Right now, it’s unclear whether the government can legally sanction software that no one controls. That question will end up in court eventually. And when it does, the lawyers defending DeFi protocols will be able to point to this vote and say, Congress already debated this exact question, and they decided the government shouldn’t have that power. That’s a strong argument to have in your pocket, and it came out of a failed amendment.
Who Wins, and What Happens Now
The biggest winners here, though, are the banks. By effectively killing SAB 121, the CLARITY Act removes the accounting rule that forced institutions to treat customer crypto as liabilities on their own balance sheets. This was the primary wall keeping banks out of the custody game. Now, every major financial institution can hold Bitcoin and Ethereum without blowing up its capital ratios. Institutional custodians like BitGo and Anchorage can finally graduate from simple storage to building out prime brokerage and clearing services with genuine legal backing.
Tokenisation platforms are also about to see their theoretical TAM become reality. Market estimates for tokenised assets are currently wild guesses, ranging from $2 trillion to $30 trillion by 2030. Those trillions haven’t moved because there was no regulated path for trading these assets. The CLARITY Act clears that blocker, creating the legal bridge that institutional capital needs to actually cross the chasm.
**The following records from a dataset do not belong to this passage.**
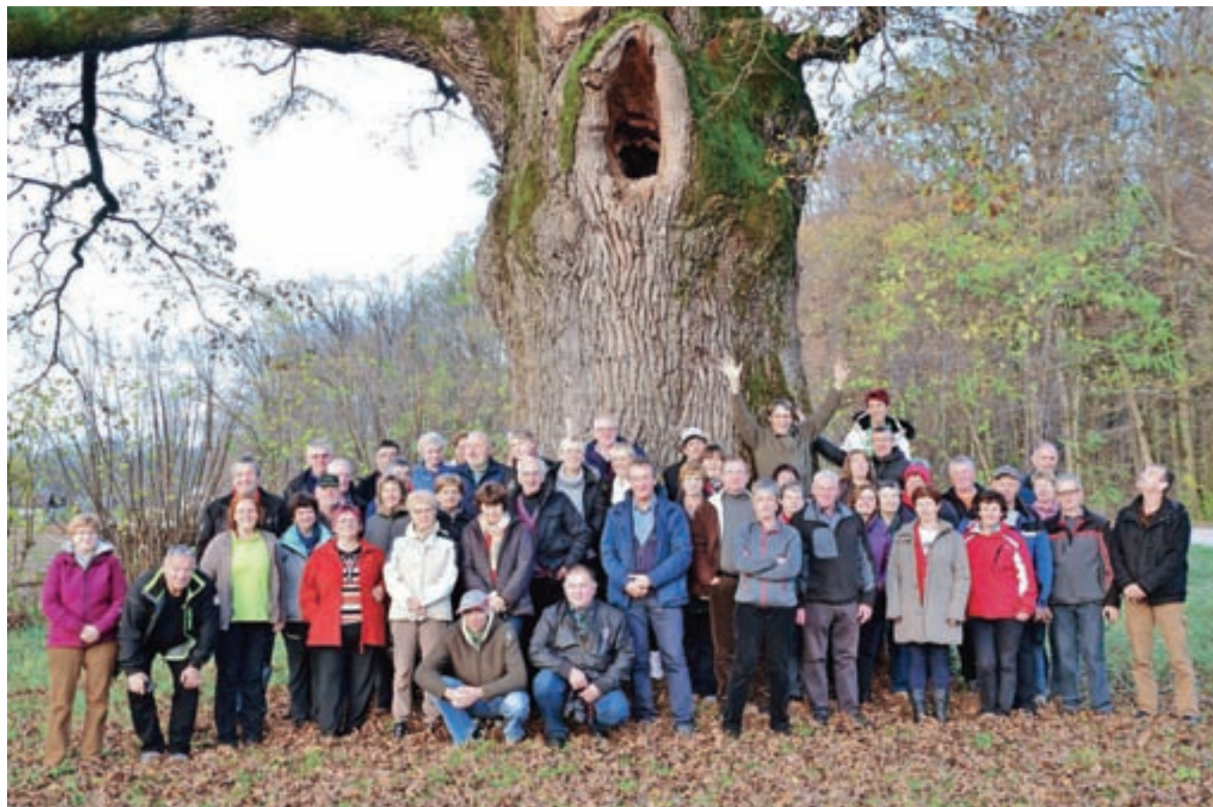
Na jesenski ekskurziji na Dolenjsko so se gorenjski ekološki kmetje na poti na obronke Krakovskega pragozda ustavili tudi pri drugem največjem hrastu dobu v Sloveniji.

Med 251 ekološkimi kmetijami na Gorenjskem je večina še vedno samooskrbnih, s tržno pridelavo ekološke hrane se ukvarja zgolj deset do petnajst odstotkov ekoloških kmetij. V nastajanju je nova zveza ekoloških kmetov Slovenije.
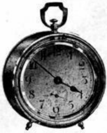
Höhe 15 cm
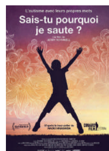
SAIS-TU POURQUOI JE SAUTE ?

But the most interesting shift lies in the interaction between this bill and the GENIUS Act. Because the stablecoin law bans passive yield on holdings, you can no longer just park USDC on an exchange and collect 5%. Yield now requires active participation – staking, governance, or providing liquidity. This means hundreds of billions in capital that once sat idle are now being directed toward structured DeFi protocols such as Pendle, Morpho, and Maple Finance. Lawmakers probably didn’t intend to create a massive forced migration of capital into DeFi, but by making passive holding unproductive, they’ve done exactly that.
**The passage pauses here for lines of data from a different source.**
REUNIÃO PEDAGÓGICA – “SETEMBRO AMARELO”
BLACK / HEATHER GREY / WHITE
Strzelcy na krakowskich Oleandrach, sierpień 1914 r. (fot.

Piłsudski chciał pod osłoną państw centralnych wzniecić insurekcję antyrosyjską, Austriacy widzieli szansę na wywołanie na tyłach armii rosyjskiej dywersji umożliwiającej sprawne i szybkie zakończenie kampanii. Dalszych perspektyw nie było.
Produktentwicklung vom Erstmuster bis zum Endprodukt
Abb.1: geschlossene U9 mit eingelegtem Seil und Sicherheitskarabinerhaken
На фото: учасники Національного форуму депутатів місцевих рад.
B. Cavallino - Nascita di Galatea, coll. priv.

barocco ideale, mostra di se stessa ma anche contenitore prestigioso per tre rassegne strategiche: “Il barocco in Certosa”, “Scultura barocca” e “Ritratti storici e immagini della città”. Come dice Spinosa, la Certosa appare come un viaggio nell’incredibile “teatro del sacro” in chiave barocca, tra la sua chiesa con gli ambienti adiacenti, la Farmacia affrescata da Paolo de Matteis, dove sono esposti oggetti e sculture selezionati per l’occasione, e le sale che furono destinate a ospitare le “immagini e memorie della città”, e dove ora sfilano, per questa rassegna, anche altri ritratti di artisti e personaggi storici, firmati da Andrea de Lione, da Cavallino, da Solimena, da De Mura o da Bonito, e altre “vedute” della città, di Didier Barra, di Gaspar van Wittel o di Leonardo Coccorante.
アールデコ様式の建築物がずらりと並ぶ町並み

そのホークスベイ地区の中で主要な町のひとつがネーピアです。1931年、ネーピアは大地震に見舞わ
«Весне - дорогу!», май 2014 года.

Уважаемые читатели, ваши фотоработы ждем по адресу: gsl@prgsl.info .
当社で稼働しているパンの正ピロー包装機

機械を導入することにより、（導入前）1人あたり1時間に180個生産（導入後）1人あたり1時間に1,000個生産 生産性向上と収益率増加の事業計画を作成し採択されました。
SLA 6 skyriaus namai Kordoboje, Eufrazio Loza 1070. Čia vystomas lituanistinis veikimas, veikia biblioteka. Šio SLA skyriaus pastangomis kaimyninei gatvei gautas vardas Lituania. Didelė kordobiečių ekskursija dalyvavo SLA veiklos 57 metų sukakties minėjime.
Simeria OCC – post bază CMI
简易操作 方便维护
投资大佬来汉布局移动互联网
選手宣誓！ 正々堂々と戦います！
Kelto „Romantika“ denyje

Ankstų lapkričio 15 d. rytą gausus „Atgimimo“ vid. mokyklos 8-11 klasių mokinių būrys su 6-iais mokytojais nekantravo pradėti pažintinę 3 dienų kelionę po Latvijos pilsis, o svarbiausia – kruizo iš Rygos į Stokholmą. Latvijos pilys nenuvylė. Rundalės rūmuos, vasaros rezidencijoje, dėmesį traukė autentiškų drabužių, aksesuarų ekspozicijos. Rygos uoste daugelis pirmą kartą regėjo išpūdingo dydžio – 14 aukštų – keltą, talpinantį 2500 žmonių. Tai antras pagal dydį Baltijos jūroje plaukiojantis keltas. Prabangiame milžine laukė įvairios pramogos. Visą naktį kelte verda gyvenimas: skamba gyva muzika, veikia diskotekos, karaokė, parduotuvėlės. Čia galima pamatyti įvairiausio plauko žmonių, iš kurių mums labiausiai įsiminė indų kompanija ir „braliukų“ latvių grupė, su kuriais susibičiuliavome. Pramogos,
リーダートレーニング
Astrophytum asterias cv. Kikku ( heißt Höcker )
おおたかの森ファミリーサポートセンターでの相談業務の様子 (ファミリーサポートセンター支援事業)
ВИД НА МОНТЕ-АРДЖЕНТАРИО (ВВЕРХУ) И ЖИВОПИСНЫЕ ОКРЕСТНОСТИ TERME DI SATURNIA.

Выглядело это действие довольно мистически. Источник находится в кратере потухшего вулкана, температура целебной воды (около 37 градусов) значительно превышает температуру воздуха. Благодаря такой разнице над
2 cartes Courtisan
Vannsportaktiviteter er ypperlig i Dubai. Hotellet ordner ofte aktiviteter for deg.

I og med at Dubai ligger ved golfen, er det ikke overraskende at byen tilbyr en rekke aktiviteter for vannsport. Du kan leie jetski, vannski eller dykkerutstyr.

The CLARITY Act is better than what came before, which was a decade of legal uncertainty in which the government regulated crypto by filing lawsuits rather than creating the rules. But it’s also a bill shaped by the companies already here, and it shows.
The compliance costs, the four-year maturity timelines, and the legal infrastructure required to use the exemptions all favour the projects that have the money and the lawyers to navigate them. If you’re Coinbase, this is the framework you’ve been asking for. If you’re building the thing that comes next, the rules were written before you got to the table.
That’s always been how regulation works, though. Whether that’s what crypto was meant to become, we still can’t say.
That’s all for today!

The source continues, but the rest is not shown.